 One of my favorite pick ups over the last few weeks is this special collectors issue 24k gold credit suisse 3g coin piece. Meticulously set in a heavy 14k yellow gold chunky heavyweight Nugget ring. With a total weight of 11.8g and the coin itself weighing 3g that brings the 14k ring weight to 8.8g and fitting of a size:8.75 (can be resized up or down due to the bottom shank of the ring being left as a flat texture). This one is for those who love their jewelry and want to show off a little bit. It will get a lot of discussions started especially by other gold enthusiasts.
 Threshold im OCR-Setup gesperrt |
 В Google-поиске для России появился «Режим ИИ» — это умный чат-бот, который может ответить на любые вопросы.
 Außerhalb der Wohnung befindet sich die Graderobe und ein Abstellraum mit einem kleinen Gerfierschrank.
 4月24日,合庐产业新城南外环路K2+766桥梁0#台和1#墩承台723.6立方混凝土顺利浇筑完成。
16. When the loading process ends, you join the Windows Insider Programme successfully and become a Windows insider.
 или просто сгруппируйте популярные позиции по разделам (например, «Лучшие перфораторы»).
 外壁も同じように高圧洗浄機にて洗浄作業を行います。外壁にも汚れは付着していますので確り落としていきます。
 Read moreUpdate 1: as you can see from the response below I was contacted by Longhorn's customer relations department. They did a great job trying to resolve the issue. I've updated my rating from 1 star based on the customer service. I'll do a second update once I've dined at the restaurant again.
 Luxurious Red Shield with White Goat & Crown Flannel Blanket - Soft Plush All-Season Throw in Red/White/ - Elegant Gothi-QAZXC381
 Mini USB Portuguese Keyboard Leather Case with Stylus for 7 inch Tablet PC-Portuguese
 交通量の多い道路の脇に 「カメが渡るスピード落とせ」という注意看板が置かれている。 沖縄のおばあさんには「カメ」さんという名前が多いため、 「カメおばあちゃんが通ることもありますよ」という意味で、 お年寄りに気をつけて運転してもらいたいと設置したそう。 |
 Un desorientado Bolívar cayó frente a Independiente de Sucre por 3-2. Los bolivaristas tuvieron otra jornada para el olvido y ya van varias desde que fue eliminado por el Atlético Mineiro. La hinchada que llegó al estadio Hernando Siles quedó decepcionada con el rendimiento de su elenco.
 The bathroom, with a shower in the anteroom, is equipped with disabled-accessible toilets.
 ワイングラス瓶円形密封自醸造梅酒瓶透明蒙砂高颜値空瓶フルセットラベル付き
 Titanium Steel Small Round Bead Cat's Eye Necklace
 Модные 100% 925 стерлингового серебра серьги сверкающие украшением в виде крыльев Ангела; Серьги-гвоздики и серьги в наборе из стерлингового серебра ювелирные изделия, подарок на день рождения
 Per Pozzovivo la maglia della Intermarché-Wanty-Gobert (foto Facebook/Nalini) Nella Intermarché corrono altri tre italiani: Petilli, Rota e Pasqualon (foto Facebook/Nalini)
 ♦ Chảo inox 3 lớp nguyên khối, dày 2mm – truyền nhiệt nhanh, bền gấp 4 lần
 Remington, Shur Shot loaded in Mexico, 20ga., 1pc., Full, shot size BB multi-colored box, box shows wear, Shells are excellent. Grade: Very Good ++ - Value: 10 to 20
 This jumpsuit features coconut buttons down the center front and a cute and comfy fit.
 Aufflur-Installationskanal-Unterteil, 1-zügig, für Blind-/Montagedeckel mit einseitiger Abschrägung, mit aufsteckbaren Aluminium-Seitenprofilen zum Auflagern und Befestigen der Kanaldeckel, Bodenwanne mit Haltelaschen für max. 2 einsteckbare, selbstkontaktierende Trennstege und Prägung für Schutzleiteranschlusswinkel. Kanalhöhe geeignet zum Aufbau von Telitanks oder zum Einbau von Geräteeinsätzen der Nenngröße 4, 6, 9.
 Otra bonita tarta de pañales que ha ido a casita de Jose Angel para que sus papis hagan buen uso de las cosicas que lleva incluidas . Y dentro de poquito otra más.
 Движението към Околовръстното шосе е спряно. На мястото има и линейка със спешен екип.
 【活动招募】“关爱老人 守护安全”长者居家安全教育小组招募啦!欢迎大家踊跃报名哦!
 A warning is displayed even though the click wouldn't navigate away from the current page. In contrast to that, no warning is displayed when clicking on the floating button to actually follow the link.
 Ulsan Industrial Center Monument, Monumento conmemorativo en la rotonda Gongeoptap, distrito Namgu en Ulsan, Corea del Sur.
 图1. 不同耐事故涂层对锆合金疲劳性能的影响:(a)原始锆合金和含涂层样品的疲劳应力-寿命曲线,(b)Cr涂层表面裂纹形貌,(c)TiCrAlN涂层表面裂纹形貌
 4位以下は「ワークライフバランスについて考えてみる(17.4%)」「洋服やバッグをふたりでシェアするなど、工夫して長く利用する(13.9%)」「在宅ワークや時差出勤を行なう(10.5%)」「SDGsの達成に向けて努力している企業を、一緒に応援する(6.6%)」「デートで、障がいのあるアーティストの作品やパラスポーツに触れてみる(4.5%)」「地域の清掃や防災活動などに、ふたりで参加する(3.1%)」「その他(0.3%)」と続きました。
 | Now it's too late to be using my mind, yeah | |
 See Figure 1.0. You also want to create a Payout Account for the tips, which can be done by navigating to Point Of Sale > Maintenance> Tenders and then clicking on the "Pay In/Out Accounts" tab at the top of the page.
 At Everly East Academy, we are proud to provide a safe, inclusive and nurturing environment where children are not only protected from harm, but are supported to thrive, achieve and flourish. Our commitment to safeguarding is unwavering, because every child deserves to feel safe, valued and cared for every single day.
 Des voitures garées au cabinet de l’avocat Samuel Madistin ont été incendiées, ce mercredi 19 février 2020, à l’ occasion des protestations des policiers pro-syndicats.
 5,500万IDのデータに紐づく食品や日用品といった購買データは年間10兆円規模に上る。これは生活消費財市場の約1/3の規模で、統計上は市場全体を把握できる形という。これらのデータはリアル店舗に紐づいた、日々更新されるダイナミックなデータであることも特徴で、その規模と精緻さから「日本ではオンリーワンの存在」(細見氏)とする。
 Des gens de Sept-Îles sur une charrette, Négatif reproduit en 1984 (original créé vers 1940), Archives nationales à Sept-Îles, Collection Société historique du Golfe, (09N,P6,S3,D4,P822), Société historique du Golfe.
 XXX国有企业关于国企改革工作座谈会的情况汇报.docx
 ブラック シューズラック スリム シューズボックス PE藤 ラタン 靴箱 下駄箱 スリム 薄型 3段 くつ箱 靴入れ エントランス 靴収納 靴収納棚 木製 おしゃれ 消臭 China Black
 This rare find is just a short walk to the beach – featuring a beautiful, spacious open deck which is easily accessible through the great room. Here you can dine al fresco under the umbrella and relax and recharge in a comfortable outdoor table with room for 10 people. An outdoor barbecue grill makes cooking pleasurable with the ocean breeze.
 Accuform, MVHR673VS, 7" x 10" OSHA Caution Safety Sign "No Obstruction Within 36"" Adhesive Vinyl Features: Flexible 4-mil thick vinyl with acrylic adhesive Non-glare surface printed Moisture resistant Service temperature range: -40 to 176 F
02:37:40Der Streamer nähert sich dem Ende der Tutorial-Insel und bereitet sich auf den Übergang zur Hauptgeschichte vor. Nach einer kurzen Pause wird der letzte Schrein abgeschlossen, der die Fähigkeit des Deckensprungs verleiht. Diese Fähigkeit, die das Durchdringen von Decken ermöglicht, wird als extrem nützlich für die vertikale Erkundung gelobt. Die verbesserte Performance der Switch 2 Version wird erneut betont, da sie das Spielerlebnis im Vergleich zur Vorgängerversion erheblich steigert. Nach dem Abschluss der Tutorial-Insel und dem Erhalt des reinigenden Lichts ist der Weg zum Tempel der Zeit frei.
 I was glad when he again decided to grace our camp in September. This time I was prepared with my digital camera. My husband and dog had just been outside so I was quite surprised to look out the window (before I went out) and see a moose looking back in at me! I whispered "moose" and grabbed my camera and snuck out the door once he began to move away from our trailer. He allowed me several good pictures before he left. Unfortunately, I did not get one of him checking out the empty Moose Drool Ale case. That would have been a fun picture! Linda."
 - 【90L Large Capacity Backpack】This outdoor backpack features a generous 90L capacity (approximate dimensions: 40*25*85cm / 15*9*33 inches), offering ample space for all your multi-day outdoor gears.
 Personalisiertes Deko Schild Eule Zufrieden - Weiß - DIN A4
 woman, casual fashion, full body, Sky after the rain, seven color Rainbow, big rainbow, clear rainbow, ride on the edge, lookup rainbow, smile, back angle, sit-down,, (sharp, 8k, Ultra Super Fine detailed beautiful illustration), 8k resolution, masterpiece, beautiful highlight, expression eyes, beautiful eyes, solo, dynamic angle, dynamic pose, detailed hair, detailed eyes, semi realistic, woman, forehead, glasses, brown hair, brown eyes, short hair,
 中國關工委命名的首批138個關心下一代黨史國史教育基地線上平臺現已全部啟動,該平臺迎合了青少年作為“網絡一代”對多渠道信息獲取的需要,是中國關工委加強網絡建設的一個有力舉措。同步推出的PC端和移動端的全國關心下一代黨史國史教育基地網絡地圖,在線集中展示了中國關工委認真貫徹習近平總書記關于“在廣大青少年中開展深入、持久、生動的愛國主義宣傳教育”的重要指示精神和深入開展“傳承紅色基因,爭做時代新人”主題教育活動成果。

+ + + + +

What is asked for is an exact copy of the lines above from the one containing "The bathroom, with" through the one containing "Aufflur-Installationskanal-Unterteil, 1-zügig, für", and only those.

 The bathroom, with a shower in the anteroom, is equipped with disabled-accessible toilets.
 ワイングラス瓶円形密封自醸造梅酒瓶透明蒙砂高颜値空瓶フルセットラベル付き
 Titanium Steel Small Round Bead Cat's Eye Necklace
 Модные 100% 925 стерлингового серебра серьги сверкающие украшением в виде крыльев Ангела; Серьги-гвоздики и серьги в наборе из стерлингового серебра ювелирные изделия, подарок на день рождения
 Per Pozzovivo la maglia della Intermarché-Wanty-Gobert (foto Facebook/Nalini) Nella Intermarché corrono altri tre italiani: Petilli, Rota e Pasqualon (foto Facebook/Nalini)
 ♦ Chảo inox 3 lớp nguyên khối, dày 2mm – truyền nhiệt nhanh, bền gấp 4 lần
 Remington, Shur Shot loaded in Mexico, 20ga., 1pc., Full, shot size BB multi-colored box, box shows wear, Shells are excellent. Grade: Very Good ++ - Value: 10 to 20
 This jumpsuit features coconut buttons down the center front and a cute and comfy fit.
 Aufflur-Installationskanal-Unterteil, 1-zügig, für Blind-/Montagedeckel mit einseitiger Abschrägung, mit aufsteckbaren Aluminium-Seitenprofilen zum Auflagern und Befestigen der Kanaldeckel, Bodenwanne mit Haltelaschen für max. 2 einsteckbare, selbstkontaktierende Trennstege und Prägung für Schutzleiteranschlusswinkel. Kanalhöhe geeignet zum Aufbau von Telitanks oder zum Einbau von Geräteeinsätzen der Nenngröße 4, 6, 9.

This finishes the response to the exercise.